** Opening SUPPLIED RECORDS block **
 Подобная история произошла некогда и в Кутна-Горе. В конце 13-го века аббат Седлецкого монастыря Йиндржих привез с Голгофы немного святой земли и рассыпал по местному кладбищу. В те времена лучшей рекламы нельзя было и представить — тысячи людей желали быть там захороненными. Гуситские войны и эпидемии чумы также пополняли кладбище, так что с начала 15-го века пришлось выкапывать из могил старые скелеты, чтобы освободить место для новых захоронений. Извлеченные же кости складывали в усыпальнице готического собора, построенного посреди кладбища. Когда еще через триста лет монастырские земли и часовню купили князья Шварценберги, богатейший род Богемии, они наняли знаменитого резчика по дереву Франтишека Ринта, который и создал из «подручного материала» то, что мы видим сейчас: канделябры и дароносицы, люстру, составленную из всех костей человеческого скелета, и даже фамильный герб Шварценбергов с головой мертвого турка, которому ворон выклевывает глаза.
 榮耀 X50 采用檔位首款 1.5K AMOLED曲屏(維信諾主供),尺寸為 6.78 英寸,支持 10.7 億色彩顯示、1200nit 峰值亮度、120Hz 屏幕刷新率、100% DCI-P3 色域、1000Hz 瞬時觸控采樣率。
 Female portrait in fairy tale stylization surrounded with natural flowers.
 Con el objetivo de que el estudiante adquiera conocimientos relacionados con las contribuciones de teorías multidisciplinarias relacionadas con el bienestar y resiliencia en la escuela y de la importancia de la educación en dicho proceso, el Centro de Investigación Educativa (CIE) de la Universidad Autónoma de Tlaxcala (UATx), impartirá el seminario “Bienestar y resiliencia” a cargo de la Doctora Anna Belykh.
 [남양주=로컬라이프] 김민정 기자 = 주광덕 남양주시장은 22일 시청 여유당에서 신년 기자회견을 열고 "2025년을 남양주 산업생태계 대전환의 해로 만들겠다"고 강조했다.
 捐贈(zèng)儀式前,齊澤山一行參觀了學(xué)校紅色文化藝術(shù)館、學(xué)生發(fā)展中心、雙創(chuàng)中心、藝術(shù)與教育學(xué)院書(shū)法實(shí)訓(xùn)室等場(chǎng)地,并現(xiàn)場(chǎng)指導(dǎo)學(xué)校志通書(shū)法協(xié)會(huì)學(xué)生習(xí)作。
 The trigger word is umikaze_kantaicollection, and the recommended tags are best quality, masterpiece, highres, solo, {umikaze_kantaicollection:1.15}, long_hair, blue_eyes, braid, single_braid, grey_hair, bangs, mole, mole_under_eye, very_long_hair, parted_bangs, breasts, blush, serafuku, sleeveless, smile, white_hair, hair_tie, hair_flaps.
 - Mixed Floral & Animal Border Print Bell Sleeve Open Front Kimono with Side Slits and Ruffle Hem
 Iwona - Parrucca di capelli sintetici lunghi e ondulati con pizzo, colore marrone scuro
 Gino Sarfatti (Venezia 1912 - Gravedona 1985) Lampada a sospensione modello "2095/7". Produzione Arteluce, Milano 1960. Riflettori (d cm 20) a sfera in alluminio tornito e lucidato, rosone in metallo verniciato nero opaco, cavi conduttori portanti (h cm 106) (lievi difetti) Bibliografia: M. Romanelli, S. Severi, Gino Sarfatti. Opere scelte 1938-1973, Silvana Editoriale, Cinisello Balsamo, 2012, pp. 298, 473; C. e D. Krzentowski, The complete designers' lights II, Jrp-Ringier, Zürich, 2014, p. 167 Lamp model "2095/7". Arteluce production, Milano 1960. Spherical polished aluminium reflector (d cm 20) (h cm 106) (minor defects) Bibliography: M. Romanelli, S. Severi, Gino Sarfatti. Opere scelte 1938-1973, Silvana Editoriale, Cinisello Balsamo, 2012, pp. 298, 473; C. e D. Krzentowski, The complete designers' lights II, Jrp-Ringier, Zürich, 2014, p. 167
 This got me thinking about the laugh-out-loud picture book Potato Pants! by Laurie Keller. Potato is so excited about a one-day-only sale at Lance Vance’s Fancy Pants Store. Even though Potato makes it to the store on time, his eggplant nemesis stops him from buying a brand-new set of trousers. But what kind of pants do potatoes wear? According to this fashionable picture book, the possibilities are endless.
** Closing SUPPLIED RECORDS block **
- [TASK PROMPT] Your answer should consist solely of the lines above from the line with "Con el objetivo" to the line with "[남양주=로컬라이프] 김민정 기자", both included, reproduced exactly.

- [TASK SOLUTION]
 Con el objetivo de que el estudiante adquiera conocimientos relacionados con las contribuciones de teorías multidisciplinarias relacionadas con el bienestar y resiliencia en la escuela y de la importancia de la educación en dicho proceso, el Centro de Investigación Educativa (CIE) de la Universidad Autónoma de Tlaxcala (UATx), impartirá el seminario “Bienestar y resiliencia” a cargo de la Doctora Anna Belykh.
 [남양주=로컬라이프] 김민정 기자 = 주광덕 남양주시장은 22일 시청 여유당에서 신년 기자회견을 열고 "2025년을 남양주 산업생태계 대전환의 해로 만들겠다"고 강조했다.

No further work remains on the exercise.